Llevar este mecanismo al extremo puede explicar, en parte, la persistencia en la falsedad, hasta que resulta inevitable reconocerla. La propia configuración de la memoria -un proceso activo, que se rehace constantemente- propicia que haya gente capaz de recordar como ciertos hechos que nunca ocurrieron, sobre todo respecto a la infancia, explica el catedrático en Fisiología de la Complutense Francisco José Rubia. "Al almacenar recuerdos comparamos con lo que ya conocemos, y en ese proceso nos servimos de emociones, creencias, expectativas y realidad. Tendemos a embellecerlos y al contarlos una y otra vez así los vamos modificando", asegura.
De hecho, el autoengaño es positivo, ya que nos ayuda a sobrellevar las frustraciones de la vida.
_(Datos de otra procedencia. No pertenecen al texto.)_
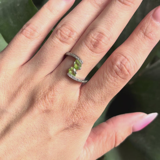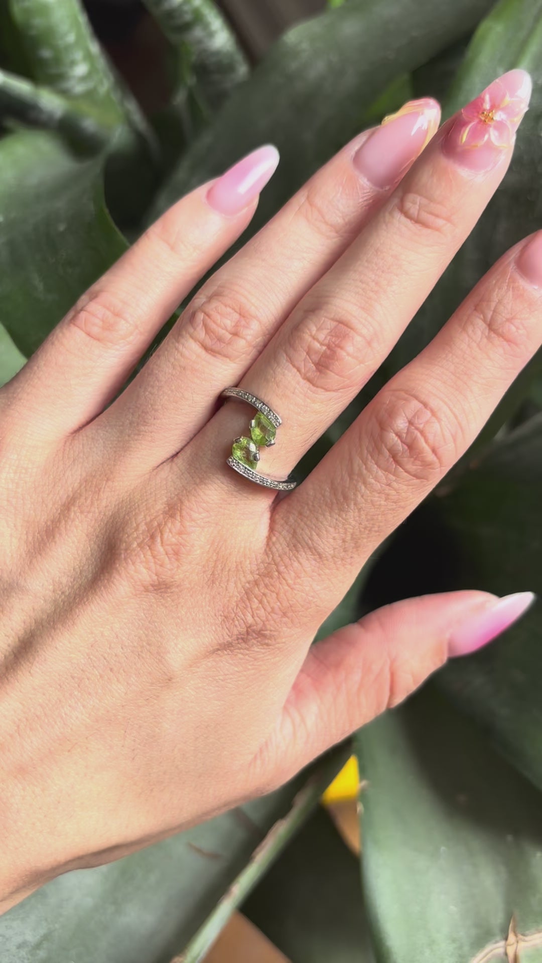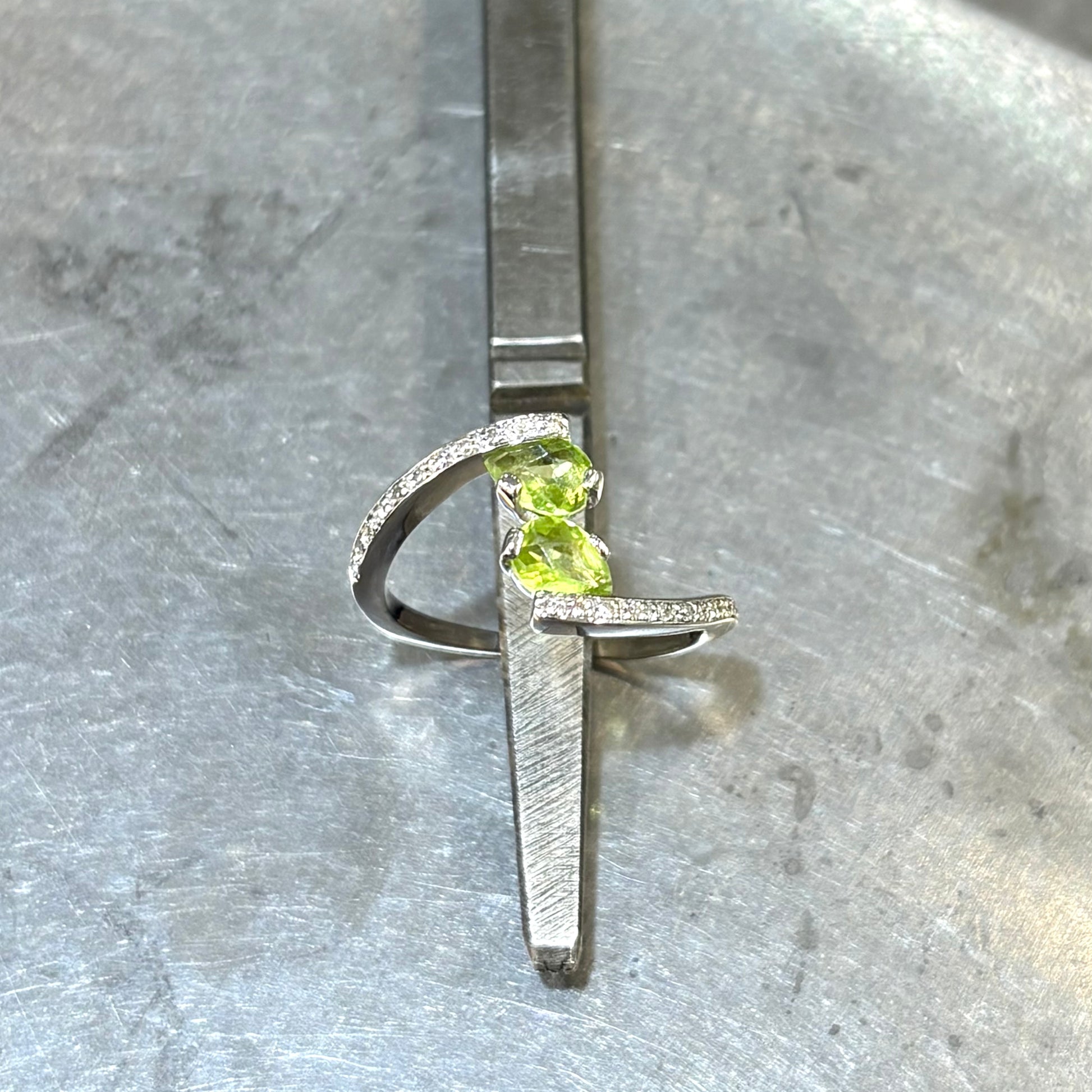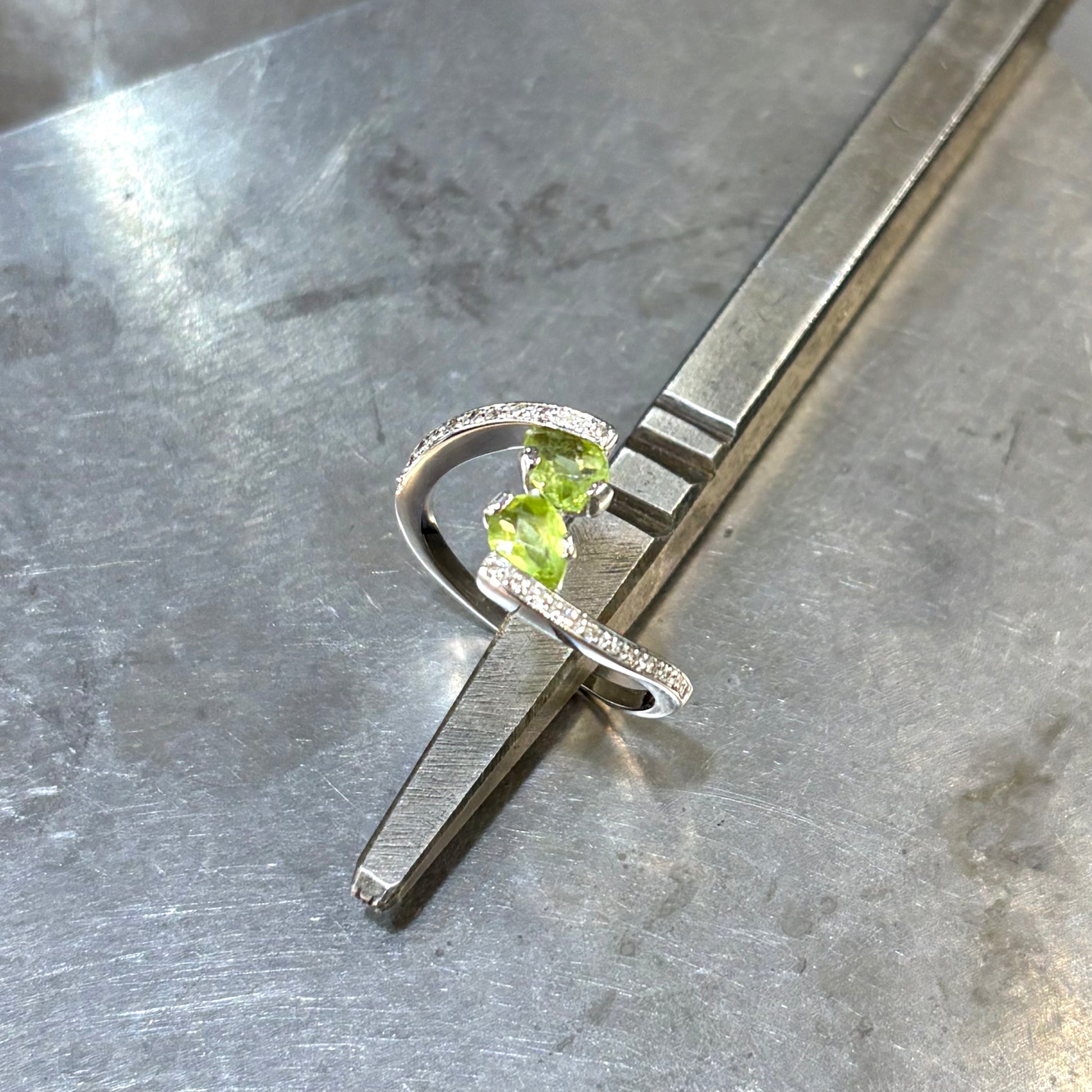 Bague Toi & Moi - Or Blanc 750 Diamant & Péridots

Las personas deprimidas manifiestan lo que llamamos el realismo depresivo: la imagen que tienen de sí mismos se parece más a cómo los ven los demás. No hacen lo que el resto, decirse a sí mismo que se es buena persona, que se es inteligente y elevar sus virtudes.
La mentira es una cuestión de dosis: un poco de autoengaño y algo de cortesía para poder salir a la calle resulta imprescindible. El problema es que hay quien empieza a mentir y descubre que ya no puede parar.